Le riforme costituzionali bocciate sette anni fa dagli italiani in un referendum rimangono sbagliate anche oggi (e domani). Peggio se vengono presentate come carta di accreditamento e/o di scambio. Il confronto fra le diverse proposte può utilmente essere informale, ma il luogo del confronto formale è e deve rimanere, anche in più modalità, il parlamento. Incontrarsi e parlarsi è cortesia istituzionale, ma carta parla. I modelli istituzionali sono inevitabilmente complessi e richiedono conoscenze approfondite che non sono mai esclusivamente giuridiche.

La storia e la strutturazione di un sistema politico-partitico sono indispensabili per prevedere entro i limiti del possibile, le conseguenze pratiche di ciascun modello. Le motivazioni della proposta di uno o altro modello sono decisive non solo per il loro confronto, ma per quella essenziale opera pedagogica che consiste nel coinvolgere la cittadinanza, come si fece nel 1946-47 e nel 2016. Non è sufficiente dire “siamo sempre stati favorevoli (contrari) all’elezione popolare diretta del Presidente della Repubblica” per legittimare quella scelta né il suo ripudio.

Giova anche ripetere che l’elezione popolare del presidente della Repubblica, un cardine costituzionale del presidenzialismo Usa e dei sistemi politici latino-americani nonché dei semipresidenzialismi in Francia, Europa centro-orientale (non in Ungheria), alcuni paesi africani francofoni, Taiwan, non è in nessun modo assimilabile all’elezione popolare del primo ministro, attuata unicamente in Israele per tre volte e poi abbandonata perché disfunzionale.

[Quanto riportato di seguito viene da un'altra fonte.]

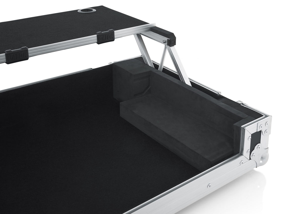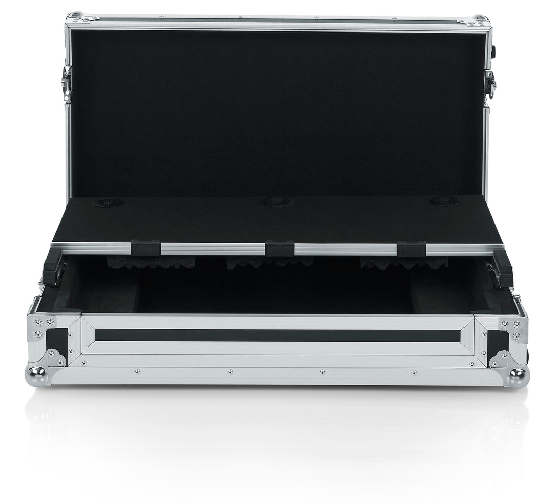 Gator’s G-TOURDSPDDJ1000 is designed to fit the Pioneer DDJ-1000 and DDJ-1000SRT Controllers. This tour-style plywood case includes the patented sliding laptop platform for setup of computer, control surfaces and DJ gear. A removable front panel provides access to headphone jacks while cable ports allow power and signal routing. The G-TOURDSPDDJ1000 interior is carpet lined with firm, EVA padding to protect your controller and ensure air-flow. To pack up, slide the platform back into place, secure the lid with commercial grade twist latches and roll it on its recessed wheels. The G-TOURDSPDDJ1000 provides storage, transport, protection and use of DJ controller without leaving the case.

Avere vagamente il semipresidenzialismo nel proprio programma elettorale del quale, in senso molto lato, si può vantare l’approvazione da parte dei propri elettori, non significa affatto essere investititi di un mandato. Nessun mandato a osteggiare qualsiasi riforma può essere contrapposto dalle opposizioni. Comunque, in democrazia, nessuno può esercitare veti. In una democrazia parlamentare il parlamento è sovrano. I riformatori costituzionali hanno la possibilità di procedere osservando le regole che presiedono alla formulazione, discussione, approvazione dei loro testi senza forzature.

Variamente, qualche volta riprovevolmente, strattonati da una parte o dall’altra, i Costituenti erano pienamente consapevoli dell’eventualità di revisioni. A cominciare, mi piace sottolineare dalla stabilizzazione del governo, ordine del giorno Perassi, il quale, certo, sarebbe favorevole al voto di sfiducia costruttivo.

Una maggioranza assoluta può fare tutte le riforme che desidera tranne quella della “forma repubblicana” dello stato. Qualsiasi maggioranza parlamentare riformatrice sa che la saggezza dei Costituenti si estese a garantire all’elettorato la possibilità di esprimersi contro quelle riforme in un referendum (costituzionale, quindi non “confermativo”, ma oppositivo). Tanto basti. Il resto si vedrà.